The information charged the defendant with the commission of the crime of bookmaking as defined in section 986 of the Penal Law, but failed to allege that the offense charged did not occur on an authorized running or trotting track. After a trial before the Court of Special Sessions of the City of New York, New York County, the defendant was found guilty as charged, and a date set for sentence. On the day of sentence the defendant's attorney moved in arrest of judgment, on the ground that the information on which this defendant was convicted did not state facts to constitute a crime, because it did not mention the, so-called, " race,track exception." The court below denied the motion, and defendant's counsel took exception.
It is the People's contention here that the cases of People v.
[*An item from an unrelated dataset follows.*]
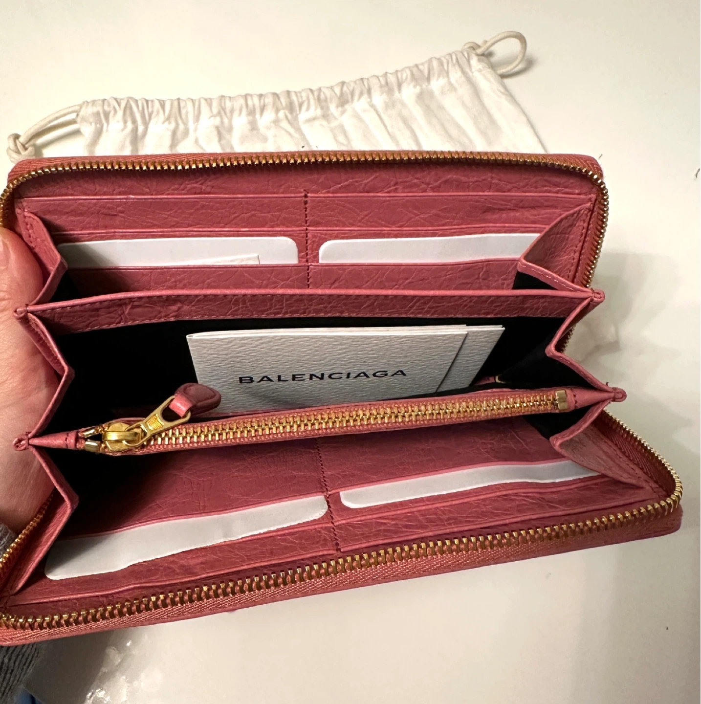Selling a lovely Balenciaga wallet in pink leather. It comes with its original dust bag. It's in great condition and ready for a new home!

Ringel (250 App. Div. 750) and People v. Crauta (Id. 853), decided by this court on March 19 and April 30, 1937, respectively, are controlling, and that the defendant, by failing to demur, waived the alleged defects in the information.
In the Ringel case the information was not attacked in the trial court. In the Crauta case the district attorney was allowed to amend the information and negative the exception. Therefore, those cases are not controlling.
The defendant's objection was timely though asserted for the first time in arrest of judgment. (Code Crim. Proc. § 321, 322, 323, 331, 467 and 469; People v. Wiechers, 179 N. Y. 459; People v. Lee Foon, 250 App. Div. 616, decided April 16, 1937.)
Section 17 of chapter 440 of the Laws of 1926, as added by chapter 233 of the Laws of 1934, section 1, in effect April 19, 1934, makes " bookmaking " at an authorized running or trotting track an offense for which a penalty may be collected in a civil suit. Section 986 of the Penal Law (as amended by chapter 233 of the Laws of 1934) expressly states that when an exclusive penalty is elsewhere provided by law for an act prohibited by section 986, " the permitting of the use of premises for the doing of the act in such case shall not be deemed a violation hereof, nor of section nine hundred and seventy-three of the Penal Law." The information, therefore, is fatally defective in that it fails to aver that the room kept and occupied by the defendant was not on a running or trotting track authorized by statute. (People v. Stedeker, 175 N. Y. 57.) An exception must be pleaded by the People. (People v. Tarlow, 249 App. Div. 224.)
The motion in arrest of judgment should have been granted.
The judgment should be reversed, the information dismissed and the defendant discharged.
Present — Martin, P. J., O'Malley, Dore, Cohn and Callahan, JJ.
Judgment unanimously reversed, the information dismissed and the defendant discharged.